▶ [Work item]
Starting at the line that has "تجمع عظیم عزاداران" and stopping after the line that has "Illustration of Statistics", reproduce the listing below exactly; omit everything else.
[Opening Record excerpts section]
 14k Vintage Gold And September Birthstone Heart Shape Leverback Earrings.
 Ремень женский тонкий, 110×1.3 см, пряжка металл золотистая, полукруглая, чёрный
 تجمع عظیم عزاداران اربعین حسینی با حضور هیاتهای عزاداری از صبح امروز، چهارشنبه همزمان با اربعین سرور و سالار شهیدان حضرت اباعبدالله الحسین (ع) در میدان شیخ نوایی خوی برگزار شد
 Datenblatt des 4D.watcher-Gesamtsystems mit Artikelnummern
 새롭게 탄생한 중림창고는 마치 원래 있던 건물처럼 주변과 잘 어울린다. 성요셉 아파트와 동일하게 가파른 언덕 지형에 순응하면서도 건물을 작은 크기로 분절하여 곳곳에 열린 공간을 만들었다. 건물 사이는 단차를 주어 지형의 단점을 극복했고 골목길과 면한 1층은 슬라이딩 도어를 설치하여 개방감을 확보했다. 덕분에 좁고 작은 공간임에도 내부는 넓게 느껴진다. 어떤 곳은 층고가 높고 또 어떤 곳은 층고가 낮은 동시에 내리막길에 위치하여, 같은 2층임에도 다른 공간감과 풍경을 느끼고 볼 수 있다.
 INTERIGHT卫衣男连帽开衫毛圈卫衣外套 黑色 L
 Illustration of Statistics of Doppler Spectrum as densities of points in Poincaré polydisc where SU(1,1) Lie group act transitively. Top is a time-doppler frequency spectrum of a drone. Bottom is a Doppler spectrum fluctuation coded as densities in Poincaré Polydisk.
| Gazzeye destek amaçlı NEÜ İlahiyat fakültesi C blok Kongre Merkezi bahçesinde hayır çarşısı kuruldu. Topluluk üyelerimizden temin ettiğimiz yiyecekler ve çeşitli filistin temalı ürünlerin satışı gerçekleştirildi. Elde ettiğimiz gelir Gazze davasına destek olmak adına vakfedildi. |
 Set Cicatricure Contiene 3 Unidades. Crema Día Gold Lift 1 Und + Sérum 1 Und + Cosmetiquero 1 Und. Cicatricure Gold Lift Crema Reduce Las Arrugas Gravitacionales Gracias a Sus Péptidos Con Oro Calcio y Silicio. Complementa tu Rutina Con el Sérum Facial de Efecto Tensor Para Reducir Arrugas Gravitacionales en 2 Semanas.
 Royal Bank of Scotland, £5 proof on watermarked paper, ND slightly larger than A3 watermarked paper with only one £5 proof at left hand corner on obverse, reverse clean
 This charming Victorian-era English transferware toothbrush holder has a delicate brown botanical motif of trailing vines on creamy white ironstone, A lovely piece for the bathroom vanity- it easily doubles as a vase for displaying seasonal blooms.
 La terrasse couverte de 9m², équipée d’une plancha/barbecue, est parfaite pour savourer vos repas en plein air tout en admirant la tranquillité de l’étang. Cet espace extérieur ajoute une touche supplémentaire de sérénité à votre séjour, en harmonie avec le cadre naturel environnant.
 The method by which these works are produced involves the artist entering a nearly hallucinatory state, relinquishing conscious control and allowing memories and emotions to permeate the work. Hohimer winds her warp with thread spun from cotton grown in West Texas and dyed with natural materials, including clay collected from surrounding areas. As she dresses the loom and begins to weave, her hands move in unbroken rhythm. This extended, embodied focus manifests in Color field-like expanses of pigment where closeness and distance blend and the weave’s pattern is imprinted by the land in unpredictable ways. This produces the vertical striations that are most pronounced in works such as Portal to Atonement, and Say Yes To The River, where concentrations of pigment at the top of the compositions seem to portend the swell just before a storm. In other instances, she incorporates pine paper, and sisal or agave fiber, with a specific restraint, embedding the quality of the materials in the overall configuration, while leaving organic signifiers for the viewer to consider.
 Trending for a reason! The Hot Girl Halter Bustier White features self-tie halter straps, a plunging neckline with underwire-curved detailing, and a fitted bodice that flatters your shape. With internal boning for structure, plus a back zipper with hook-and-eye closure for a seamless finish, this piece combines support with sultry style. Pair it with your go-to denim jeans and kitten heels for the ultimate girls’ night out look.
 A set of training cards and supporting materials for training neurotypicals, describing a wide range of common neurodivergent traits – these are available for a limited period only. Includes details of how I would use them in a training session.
[Closing Record excerpts section]
▶ [Exercise result]
 تجمع عظیم عزاداران اربعین حسینی با حضور هیاتهای عزاداری از صبح امروز، چهارشنبه همزمان با اربعین سرور و سالار شهیدان حضرت اباعبدالله الحسین (ع) در میدان شیخ نوایی خوی برگزار شد
 Datenblatt des 4D.watcher-Gesamtsystems mit Artikelnummern
 새롭게 탄생한 중림창고는 마치 원래 있던 건물처럼 주변과 잘 어울린다. 성요셉 아파트와 동일하게 가파른 언덕 지형에 순응하면서도 건물을 작은 크기로 분절하여 곳곳에 열린 공간을 만들었다. 건물 사이는 단차를 주어 지형의 단점을 극복했고 골목길과 면한 1층은 슬라이딩 도어를 설치하여 개방감을 확보했다. 덕분에 좁고 작은 공간임에도 내부는 넓게 느껴진다. 어떤 곳은 층고가 높고 또 어떤 곳은 층고가 낮은 동시에 내리막길에 위치하여, 같은 2층임에도 다른 공간감과 풍경을 느끼고 볼 수 있다.
 INTERIGHT卫衣男连帽开衫毛圈卫衣外套 黑色 L
 Illustration of Statistics of Doppler Spectrum as densities of points in Poincaré polydisc where SU(1,1) Lie group act transitively. Top is a time-doppler frequency spectrum of a drone. Bottom is a Doppler spectrum fluctuation coded as densities in Poincaré Polydisk.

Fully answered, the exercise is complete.